The end of the 2024 season also ends a couple of multi-year talking points.
The Packers’ 2024 season expired yesterday, and with it one of the great excuses used by those that talk about this team — and sometimes even the team itself.
“They’re young,” we’ve said of the Packers over the past couple of seasons. “They’re inexperienced and still growing.”
And you know what? It’s been true. They have been young. They have been inexperienced. They have been green and growing, to borrow a phrase from an ancient Milwaukee Bucks promo song.

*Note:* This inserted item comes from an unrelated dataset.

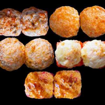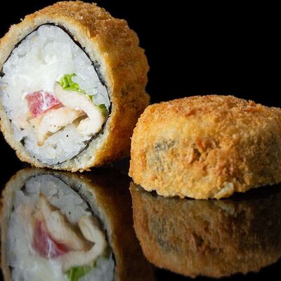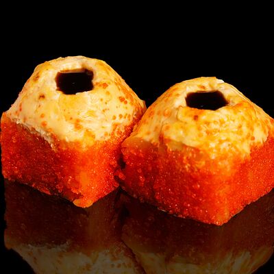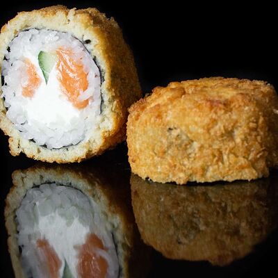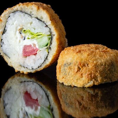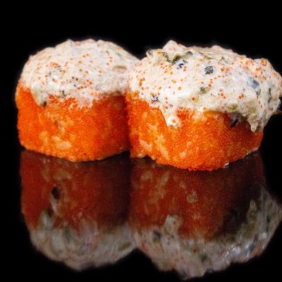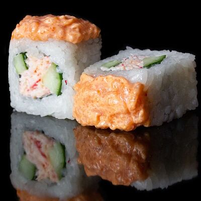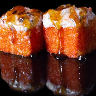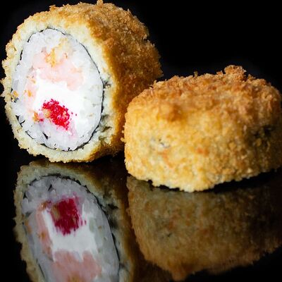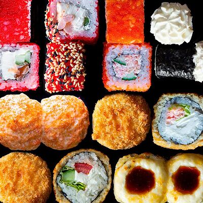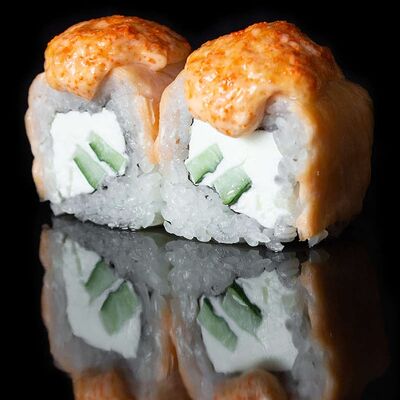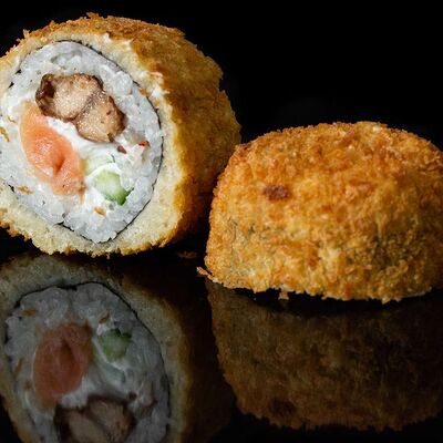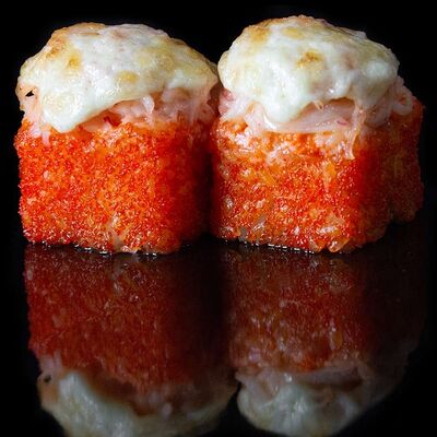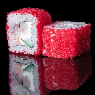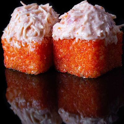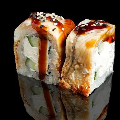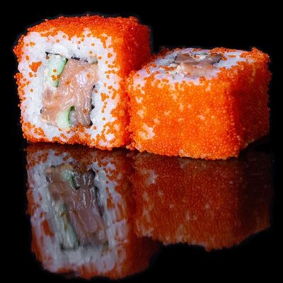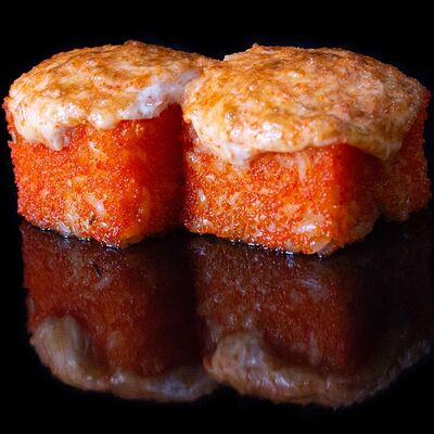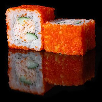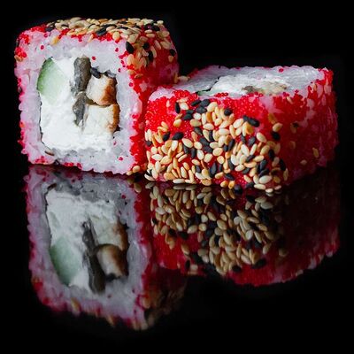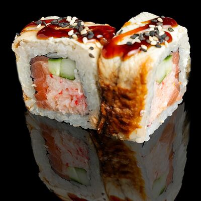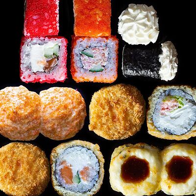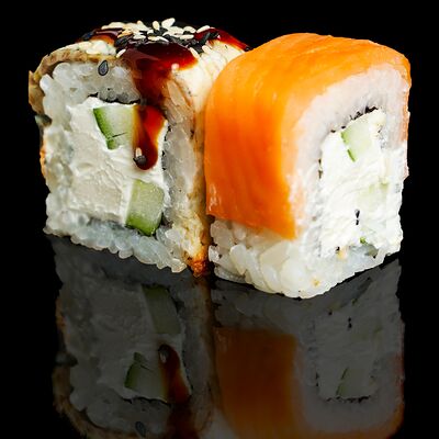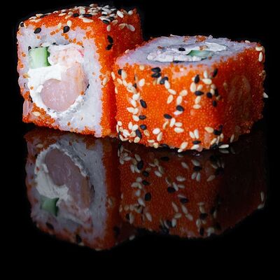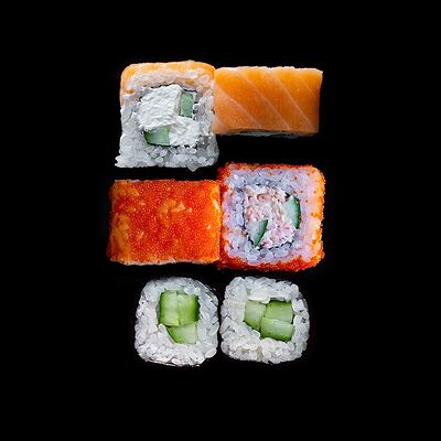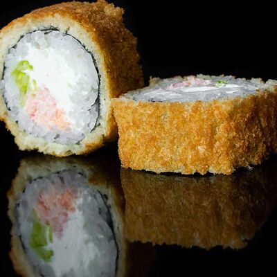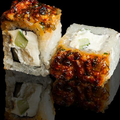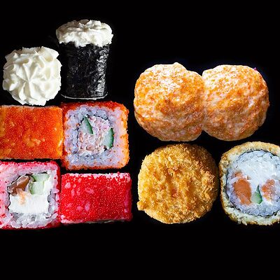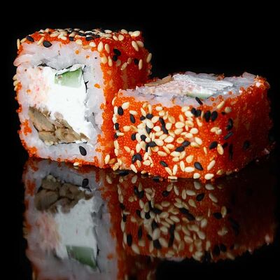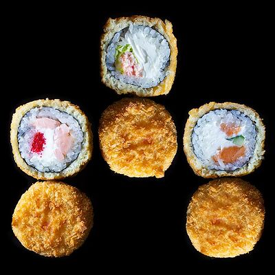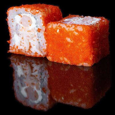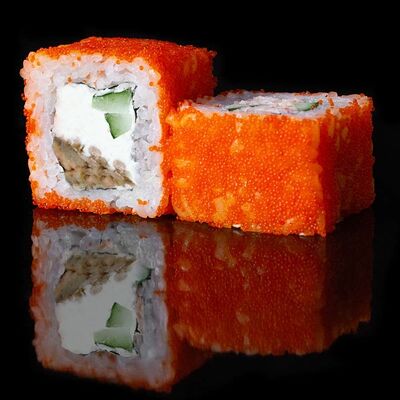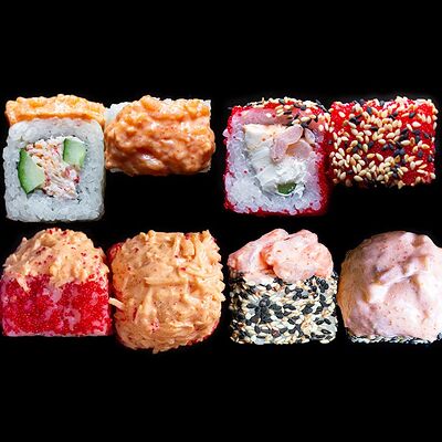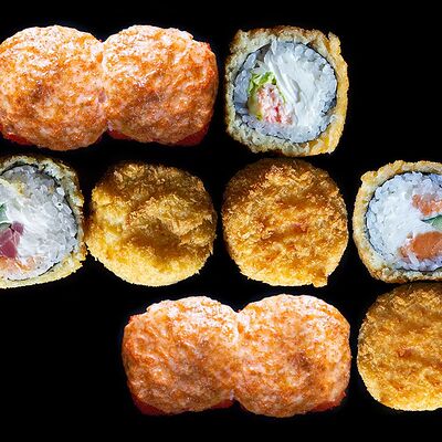 5 роллов: ролл Филадельфия в тобико (8 шт.), ролл Калифорния с крабом (8 шт.), запеченный Ё-Ролл (8 шт.), жареный ролл Сяке Унаги (10 шт.), ролл Крабик (6 шт.)

But that excuse, if it was ever exculpatory, had a shelf life. Eventually, these young, inexperienced Packers were going to be neither young nor inexperienced, and I think that time has come.
Next year, the core of the Packers will be decidedly veteran heavy. Jordan Love will enter his third season as the Packers’ starter next fall, turning 27 in November. He’ll spend much of the season handing off to Josh Jacobs, also in his age-27 season this fall. Blocking in front of them will be fourth-year pro Rasheed Walker (25 in February), seventh-year Elgton Jenkins (30 in December), fourth-year Sean Rhyan (25 in September), and fourth-year Zach Tom (26 in March). And catching passes (depending on their health, of course) will be some combination of Romeo Doubs, Jayden Reed, Dontayvion Wicks, Tucker Kraft, and Luke Musgrave. All will be in at least their third season, and all will be at least 24 years old during the 2025 season.

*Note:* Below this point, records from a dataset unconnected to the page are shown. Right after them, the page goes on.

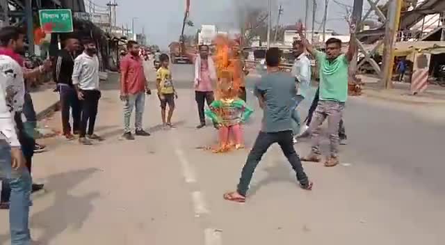 पेट्रोल डीजल में मूल्यवृद्धि को लेकर चारामा में मोदी सरकार का पुतला दहन
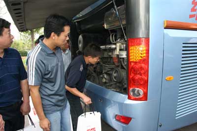客戶觀摩龍威的心臟——日產(chǎn)柴MD9M發(fā)動(dòng)機(jī)
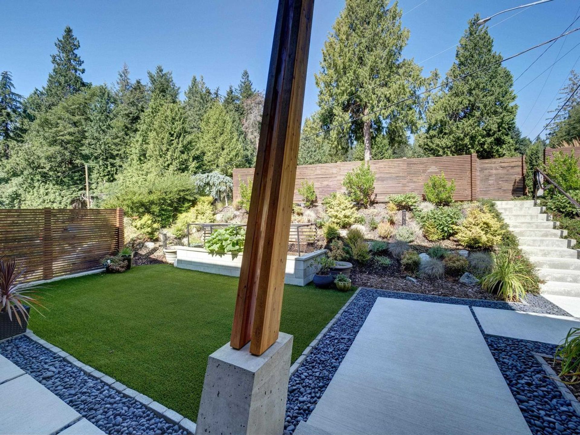 - View: Seasonal ocean, tree canopy
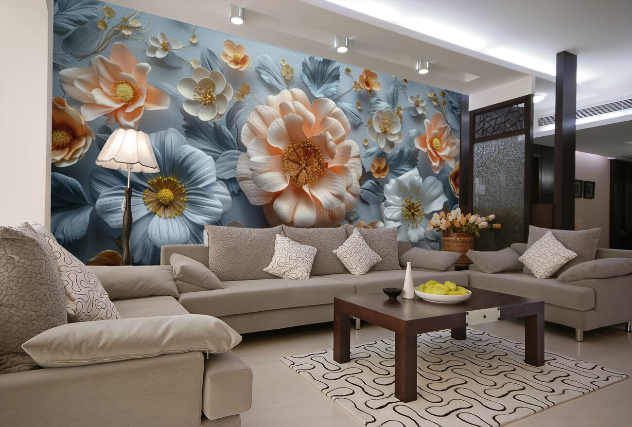 Tapeta Fototapeta 3D obszerne kwiaty na niebieskim tle (artykuł u14070 ) z kategorii Fototapety 3D
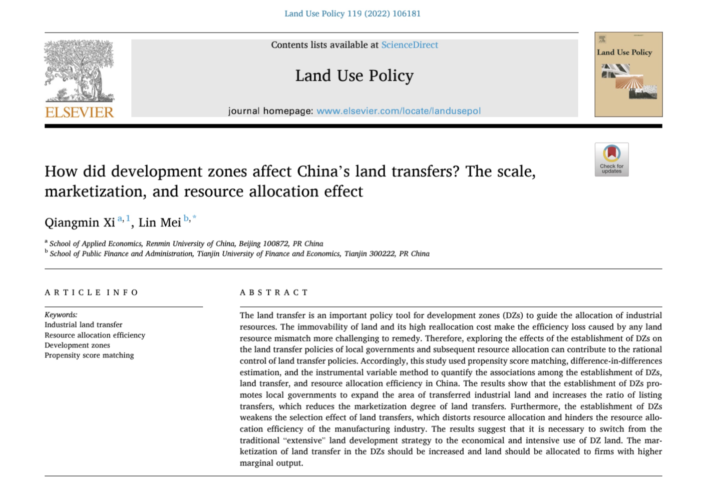 Dr. Qiangmin Xi recently had a paper published in the Land Use Policy. The paper titled‘How did development zones affect China’s land transfers? The scale, marketization, and resource allocation effect’, was coauthored with Lin Mei from School of Public Finance and Administration, Tianjin University of Finance and Economics.
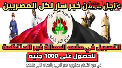 كيفية تسجيل العمالة الغير منتظمة للحصول على 1000 جنيه
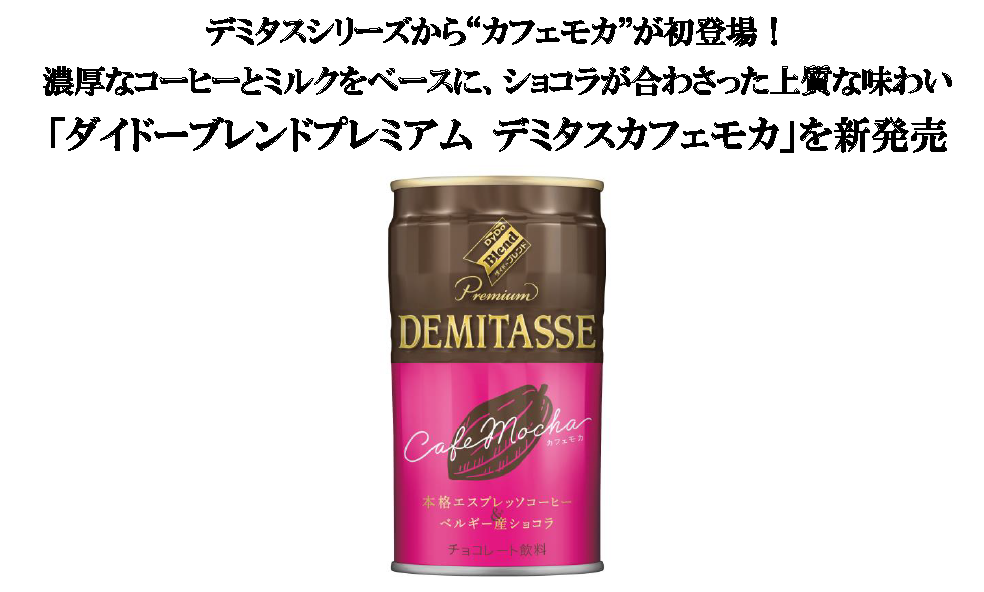 ダイドードリンコ株式会社(本社:大阪市北区、代表取締役社長:中島 孝徳) は、 202 3 年 秋冬 の新商品として、 「 ダイドーブレンドプレミアム デミタスカフェモカ 」 を 8 月 2 8 日(月)より 発売いたします。
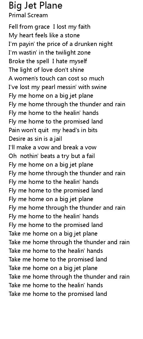 Take me home on a big jet plane |
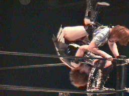 元気コーナーに振る、田村コーナーに飛び乗る、元気追いかける、田村飛び越えて回転エビ。元気立ち上がる、田村下からヒザ十字、元気ロープ。田村低空ドロップキック2発、3発目元気かわしてロープに飛ぶ、田村カウンターの低空ドロップキックからヒザ十字固め、元気ロープ。田村コーナーに上る、元気も上る、田村雪崩式回転エビ(右写真)、カウント2。15分経過。
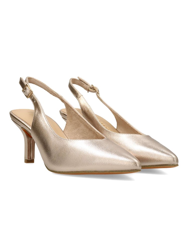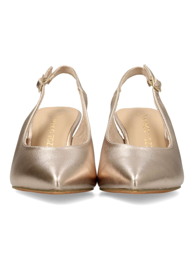 Zapato salón para mujer, con punta fina y destalonado. Fabricado en material 100% vegano. Planta acolchada. Cierre de hebilla. Perfectos para la mujer moderna que aprecia los detalles únicos y la máxima comodidad. Añade un toque de glamour a tu look.
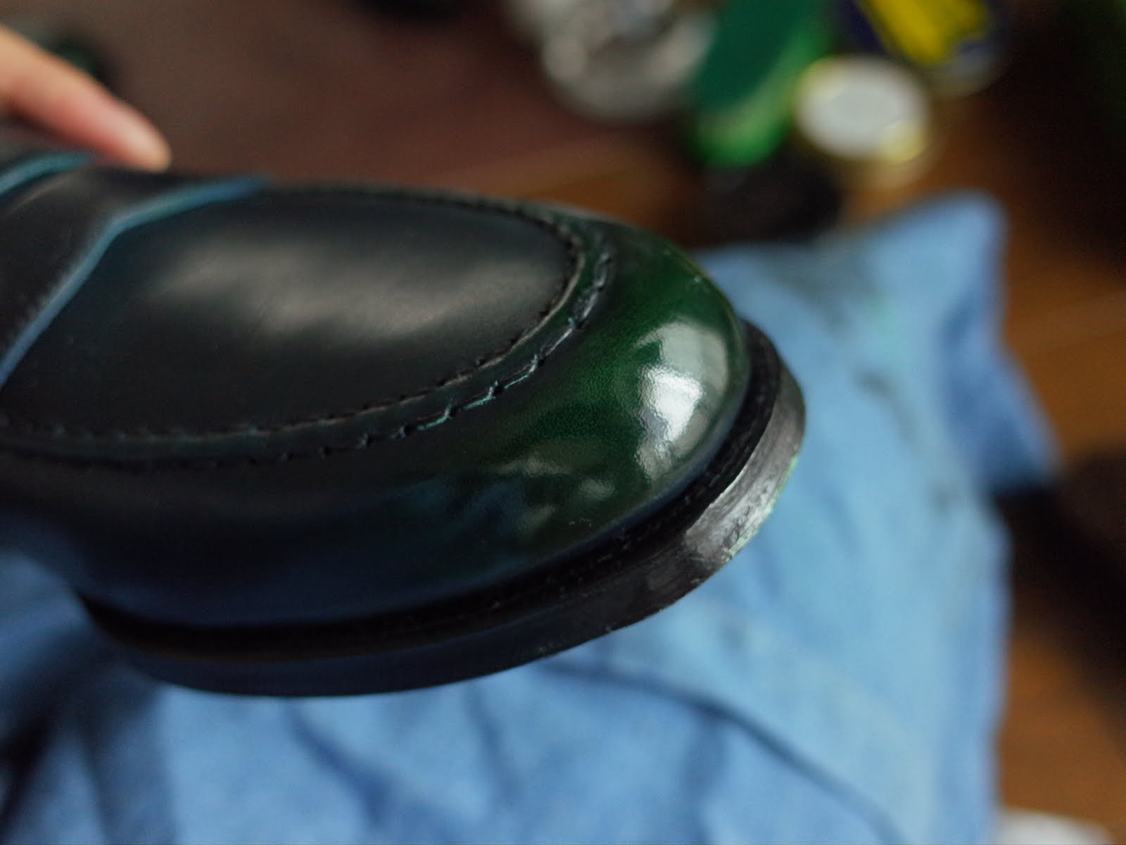 撮影の時間が異なるので、こちらの方が実物に近いですが、トゥもしっかり光ってますね。ビーズワックスとミラーグロスの中間みたいなワックスで、もっと重ねて磨けば十分反射してくれる、そして乾きやすくて使いやすいワックスだなと感じました。

On defense, the story will be much the same, even with the future of guys like Jaire Alexander and Keisean Nixon in flux. Xavier McKinney will lead the way (age 27, sixth season), and he’ll get help from Rashan Gary (28 in December, eighth season) and Kenny Clark (30 in October, 10th season).
This hardly paints the picture of a team that’s long in the tooth (with the exception of Kenny Clark), but neither are they a collection of freshly minted NFL players. The Packers will enter next season not exactly old, but certainly experienced — and definitely well past the point where “they’re young” should be any excuse for their on-field performance.
Should it ever have been an excuse? I think that’s another question worth asking. The Packers certainly needed to churn the roster in the wake of Aaron Rodgers’ departure, but nobody put a gun to Brian Gutekunst’s head and made him construct the league’s youngest roster two years running. They’ve been so young in large part because that’s what they wanted and, in 2024 at least, thought they could contend as such.
Whether or not they should have thought so is beside the point now. We know the answer. The Packers weren’t contenders in 2024. In 2025 they’ll hope to be, and they’ll have to do so without the excuses of age and inexperience covering for their mistakes.